[ACTIVITY]: Transcribe each record precisely; images stay out.

INPUT DATA START

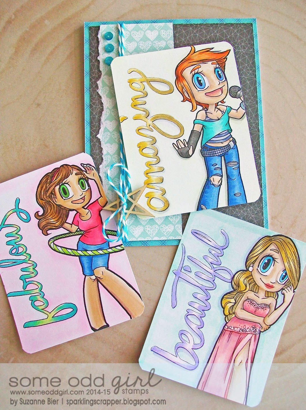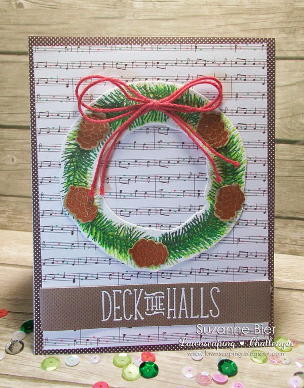 Hi, everybody! It’s my turn to post today at the Lawnscaping challenge blog and I’m sharing some cards that I made recently. Since the current challenge is to add dimension to your card, I challenged myself to come up with alternate ideas for adding dimension without using foam tape or a lot of layers.
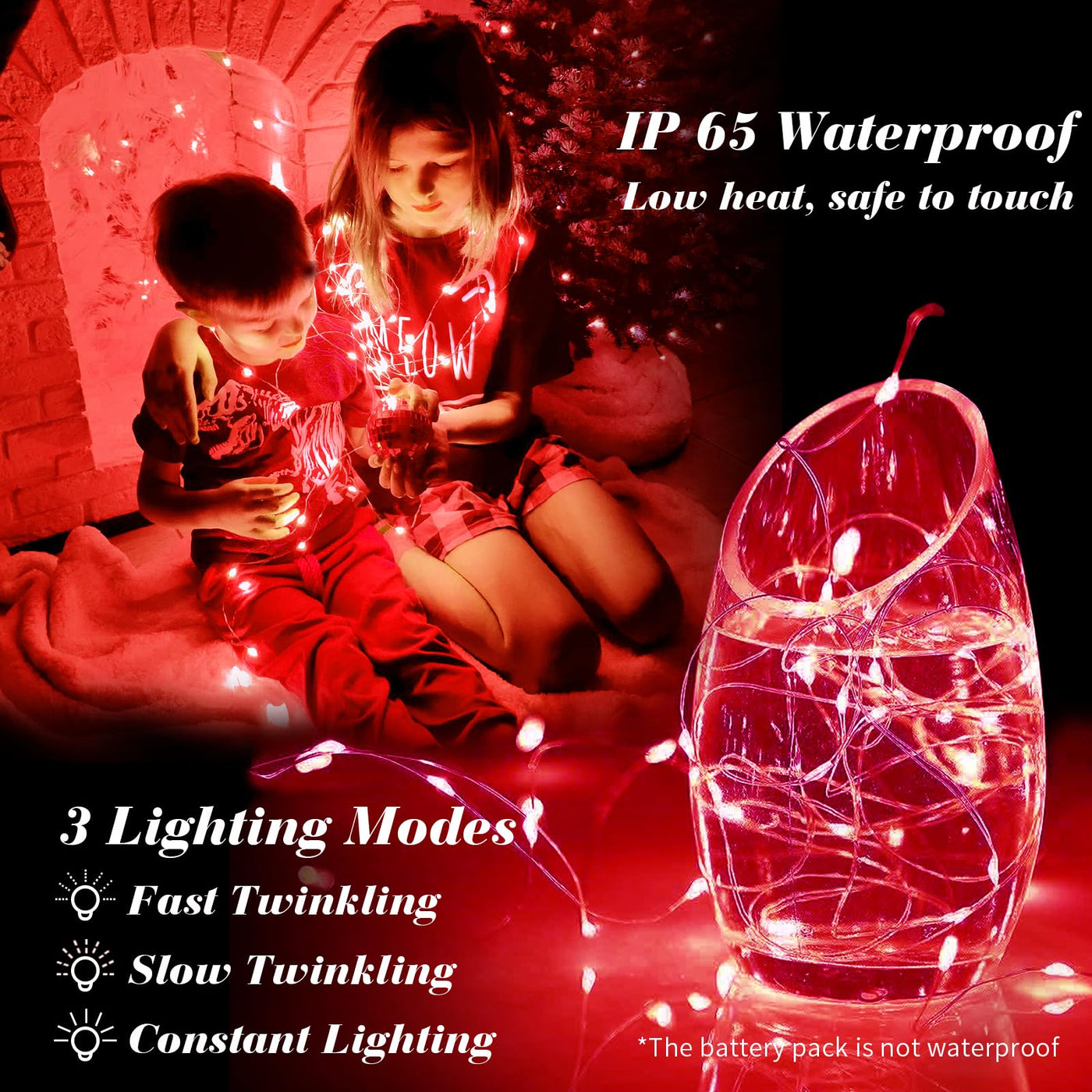 Q: What are the different lighting modes available for the fairy lights?A: The fairy lights feature three lighting modes: Fast Twinkling, Slow Twinkling, and Constant Lighting. This allows you to create different decorative effects and atmospheres for various occasions.
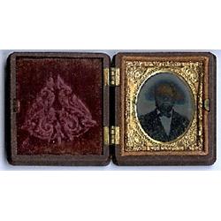 Tintype with great spreading oxidization giving the man a grotesque appearance.
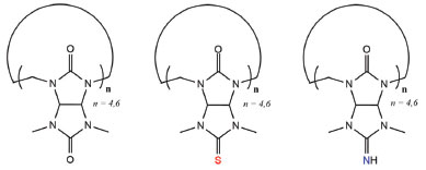 Heck e colaboradores36 obtiveram os derivados alil-bambus[4]urila (AlilBU[4]) e alil-bambus[6]urila (AlilBU[6]) a partir de síntese assistida por micro-ondas, utilizando a di-alil-glicolurila como precursor. Alteraçoes nas condiçoes de síntese levavam a diferentes distribuiçoes de homólogos. Além disso, os autores obtiveram a PrBU[4] a partir da hidrogenaçao catalítica da AlilBU[4] utilizando H2 na presença de catalisador 10% Pd/C em etanol. Sindelar e colaboradores sintetizaram a p-carboxi-benzil-bambus[6]urila (BzCOOH)BU[6],37 de elevada solubilidade em meio aquoso neutro e básico, e as 3-carboxipropil-bambus[6]urila (PrCOOH)BU[6] e 5-carboxipentil-bambus[6]urila (pentilCOOH)BU[6].38 A afinidade por ânions destes últimos é modulada tanto pelo tamanho do substituinte R ligado à BU[6] quanto pelo pH da soluçao. A obtençao de derivados das BU[n] solúveis em água e com afinidade por ânions representa um passo importante para o estudo destes cavitandos, uma vez que permite contornar limitaçoes óbvias no que tange às aplicaçoes, como em bioquímica e medicina,2,33 por exemplo, e foram assunto de investigaçoes recentes. Além de BU[n] modificadas com diversos grupos laterais R, foram sintetizados outros derivados por substituiçao do átomo de oxigênio do grupamento 1,3-dimetilureia do macrociclo (Figura 6). As metil-semitio-bambus[4]urila (MeBUS[4]) e metil-semitio-bambus[6]urila (MeBUS[6]),39 por exemplo, sao obtidas a partir da reaçao da 2,4-dimetil-semitio-glicolurila com paraformaldeído em meio ácido. Um ponto interessante é que esses derivados das BU[n] sao capazes de incluir ânions em seu interior e complexar cátions como Pd2+ e Hg2+ nos portais de seus opérculos por meio dos átomos de enxofre.
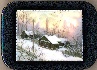On this box the artist depicts the view of village street in Winter. The wooden houses covered with snow. Birds are sitting on electrical or radio wires.The smooke is coming out from the pipe of the stove of one of the houses...
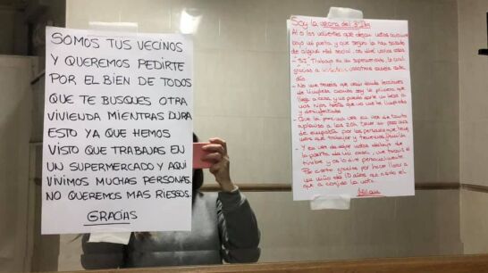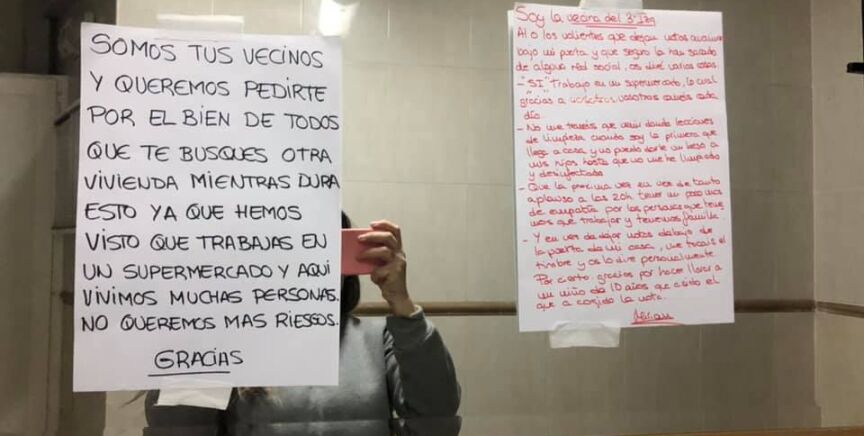 "Somos tus vecinos y queremos pedirte por el bien de todos que te busques otra vivienda mientras dure esto ya que hemos visto que trabajas en un supermercado y aquí vivimos muchas personas y no queremos más riesgos. Gracias", dice la nota que alguien de su comunidad ha dejado de manera anónima bajo la puerta de su domicilio.
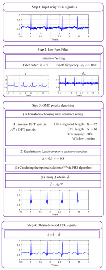 Based on the sparse denoising framework in Figure 1 and the sparsity recovery algorithm in Algorithm 2, we propose the GMC-penalty ECG denoising method. The detailed processing flow of the method is shown in Figure 3 with some key parameter settings. The whole process consists of four steps. At the first step, the noisy ECG signal is sent to a low-pass filter. At the second step, the output of the LPF and the residual signal are obtained. Two parameters of the LPF, i.e., the order k and the cutoff frequency is should be configured beforehand. The next step is to perform sparse recovery following Algorithm 2. The linear transform matrix A, the data length R, the data overlapping ration and the window function should be set before applying the algorithm. Moreover, the regularization parameter and the convexity-guaranteeing factor are also set at the start of the algorithm. After processing by Algorithm 2, the optimal solution is obtained for each data frame. Since is the sparse coefficients in frequency domain, we should further recover the denoised sparse signal through the calculation . Finally, we obtain the denoised ECG signal by synthesizing the low-pass component and the high-frequency sparse component in the last step.
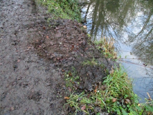 So, what we do is (1) hammer a post into the river’s edge at the dog slide, (2) pack lengths of planking behind it to make a barrier, and (3) fill the space behind with soil. And that’s job done, until the next dog slide appears!
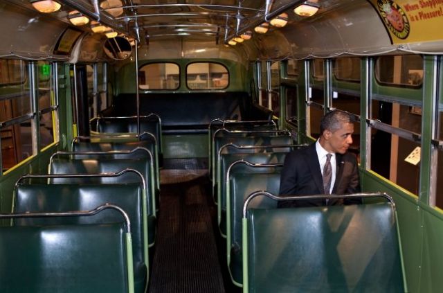 Ετσι, ο πρώτος μαύρος αμερικανός πρόεδρος αποφάσισε να κάνει μία στάση στο πλαίσιο της επίσκεψής τους στο Μίσιγκαν για να μαζέψει χρήματα για το κόμμα των Δημοκρατικών και πραγματοποίησε νοερό ταξίδι στον χρόνο επισκεπτόμενος το λεωφορείο όπου η μαύρη Αμερικανίδα Ρόζα Παρκς αρνήθηκε να παραχωρήσει τη θέση της σε μια λευκή, τον Δεκέμβριο του 1955.

INPUT DATA END

[ANSWER SPACE]:
 Hi, everybody! It’s my turn to post today at the Lawnscaping challenge blog and I’m sharing some cards that I made recently. Since the current challenge is to add dimension to your card, I challenged myself to come up with alternate ideas for adding dimension without using foam tape or a lot of layers.
 Q: What are the different lighting modes available for the fairy lights?A: The fairy lights feature three lighting modes: Fast Twinkling, Slow Twinkling, and Constant Lighting. This allows you to create different decorative effects and atmospheres for various occasions.
 Tintype with great spreading oxidization giving the man a grotesque appearance.
 Heck e colaboradores36 obtiveram os derivados alil-bambus[4]urila (AlilBU[4]) e alil-bambus[6]urila (AlilBU[6]) a partir de síntese assistida por micro-ondas, utilizando a di-alil-glicolurila como precursor. Alteraçoes nas condiçoes de síntese levavam a diferentes distribuiçoes de homólogos. Além disso, os autores obtiveram a PrBU[4] a partir da hidrogenaçao catalítica da AlilBU[4] utilizando H2 na presença de catalisador 10% Pd/C em etanol. Sindelar e colaboradores sintetizaram a p-carboxi-benzil-bambus[6]urila (BzCOOH)BU[6],37 de elevada solubilidade em meio aquoso neutro e básico, e as 3-carboxipropil-bambus[6]urila (PrCOOH)BU[6] e 5-carboxipentil-bambus[6]urila (pentilCOOH)BU[6].38 A afinidade por ânions destes últimos é modulada tanto pelo tamanho do substituinte R ligado à BU[6] quanto pelo pH da soluçao. A obtençao de derivados das BU[n] solúveis em água e com afinidade por ânions representa um passo importante para o estudo destes cavitandos, uma vez que permite contornar limitaçoes óbvias no que tange às aplicaçoes, como em bioquímica e medicina,2,33 por exemplo, e foram assunto de investigaçoes recentes. Além de BU[n] modificadas com diversos grupos laterais R, foram sintetizados outros derivados por substituiçao do átomo de oxigênio do grupamento 1,3-dimetilureia do macrociclo (Figura 6). As metil-semitio-bambus[4]urila (MeBUS[4]) e metil-semitio-bambus[6]urila (MeBUS[6]),39 por exemplo, sao obtidas a partir da reaçao da 2,4-dimetil-semitio-glicolurila com paraformaldeído em meio ácido. Um ponto interessante é que esses derivados das BU[n] sao capazes de incluir ânions em seu interior e complexar cátions como Pd2+ e Hg2+ nos portais de seus opérculos por meio dos átomos de enxofre.
On this box the artist depicts the view of village street in Winter. The wooden houses covered with snow. Birds are sitting on electrical or radio wires.The smooke is coming out from the pipe of the stove of one of the houses...
 "Somos tus vecinos y queremos pedirte por el bien de todos que te busques otra vivienda mientras dure esto ya que hemos visto que trabajas en un supermercado y aquí vivimos muchas personas y no queremos más riesgos. Gracias", dice la nota que alguien de su comunidad ha dejado de manera anónima bajo la puerta de su domicilio.
 Based on the sparse denoising framework in Figure 1 and the sparsity recovery algorithm in Algorithm 2, we propose the GMC-penalty ECG denoising method. The detailed processing flow of the method is shown in Figure 3 with some key parameter settings. The whole process consists of four steps. At the first step, the noisy ECG signal is sent to a low-pass filter. At the second step, the output of the LPF and the residual signal are obtained. Two parameters of the LPF, i.e., the order k and the cutoff frequency is should be configured beforehand. The next step is to perform sparse recovery following Algorithm 2. The linear transform matrix A, the data length R, the data overlapping ration and the window function should be set before applying the algorithm. Moreover, the regularization parameter and the convexity-guaranteeing factor are also set at the start of the algorithm. After processing by Algorithm 2, the optimal solution is obtained for each data frame. Since is the sparse coefficients in frequency domain, we should further recover the denoised sparse signal through the calculation . Finally, we obtain the denoised ECG signal by synthesizing the low-pass component and the high-frequency sparse component in the last step.
 So, what we do is (1) hammer a post into the river’s edge at the dog slide, (2) pack lengths of planking behind it to make a barrier, and (3) fill the space behind with soil. And that’s job done, until the next dog slide appears!
 Ετσι, ο πρώτος μαύρος αμερικανός πρόεδρος αποφάσισε να κάνει μία στάση στο πλαίσιο της επίσκεψής τους στο Μίσιγκαν για να μαζέψει χρήματα για το κόμμα των Δημοκρατικών και πραγματοποίησε νοερό ταξίδι στον χρόνο επισκεπτόμενος το λεωφορείο όπου η μαύρη Αμερικανίδα Ρόζα Παρκς αρνήθηκε να παραχωρήσει τη θέση της σε μια λευκή, τον Δεκέμβριο του 1955.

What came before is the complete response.